I know, and now the possibility of anyone else who needs this treatment (which Cass herself said she hopes will still be able to happen in cases of clear need) getting the chance I did has collapsed away to nothing.

That's a pretty grim sacrifice from where we're standing. "Sorry you can't have the treatment your predecessors had for the last three decades, but I'm afraid that your needs are less important than the chance that some children might only be pretending to experience persistent gender dysphoria and consistently lying to clinicians for years at a time." isn't ever a nice conversation to have.

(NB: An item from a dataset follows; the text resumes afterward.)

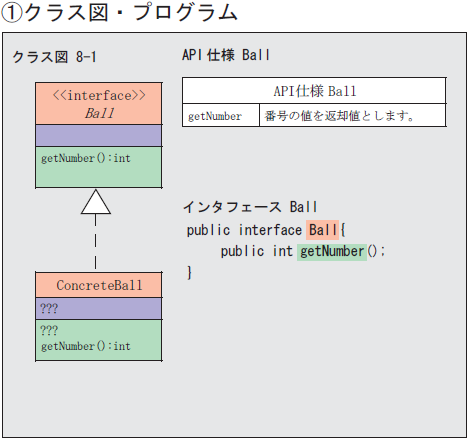Ballインタフェースに必要な振る舞い(メソッド)とはどのようなものでしょうか。実際のビンゴではボールには番号が記述されています。最低限必要な振る舞いとは、その番号を取得することだと考えられます。 クラス図8-1を見てください。 Ballインタフェースのクラス図です。 必要な振る舞いとして getNumber():intが宣言されています。 では、このインタフェースBallを実装するクラス(具象クラス)ConcreteBallにはどの様な

ellenback21 · 15/12/2024 18:46

ButterflyHatched · 15/12/2024 18:34

I'm not even sure what your argument here is?

This child would clearly have had an even harder time if their dysphoria had been persistent and they'd decided to transition. It's one less thing they have to deal with in life. They don't have to worry about being the victim of transphobia; they don't have to worry about the government taking away future treatment options because it turns out they don't actually need it after all. They still have all sorts of stuff to deal with, but the list is slightly shorter and the road slightly more straightforward now.

Isn't that a good thing?

And that, in a nutshell, is why puberty blockers should not be administered to children. Most will pass through puberty, lose their dysphoria and travel the more straightforward road.

OldCrone · 15/12/2024 18:47

ButterflyHatched · 15/12/2024 18:34

I'm not even sure what your argument here is?

This child would clearly have had an even harder time if their dysphoria had been persistent and they'd decided to transition. It's one less thing they have to deal with in life. They don't have to worry about being the victim of transphobia; they don't have to worry about the government taking away future treatment options because it turns out they don't actually need it after all. They still have all sorts of stuff to deal with, but the list is slightly shorter and the road slightly more straightforward now.

Isn't that a good thing?

Yes, it is a good thing. So you must agree that giving children puberty blockers (which fixes them in a trans identity, since nearly all children on puberty blockers end up on cross-sex hormones) is the wrong thing to do.

Much better to let them grow up first, and then, if they still feel the need, to transition as adults, once they have the mental capacity to fully understand the consequences of doing so.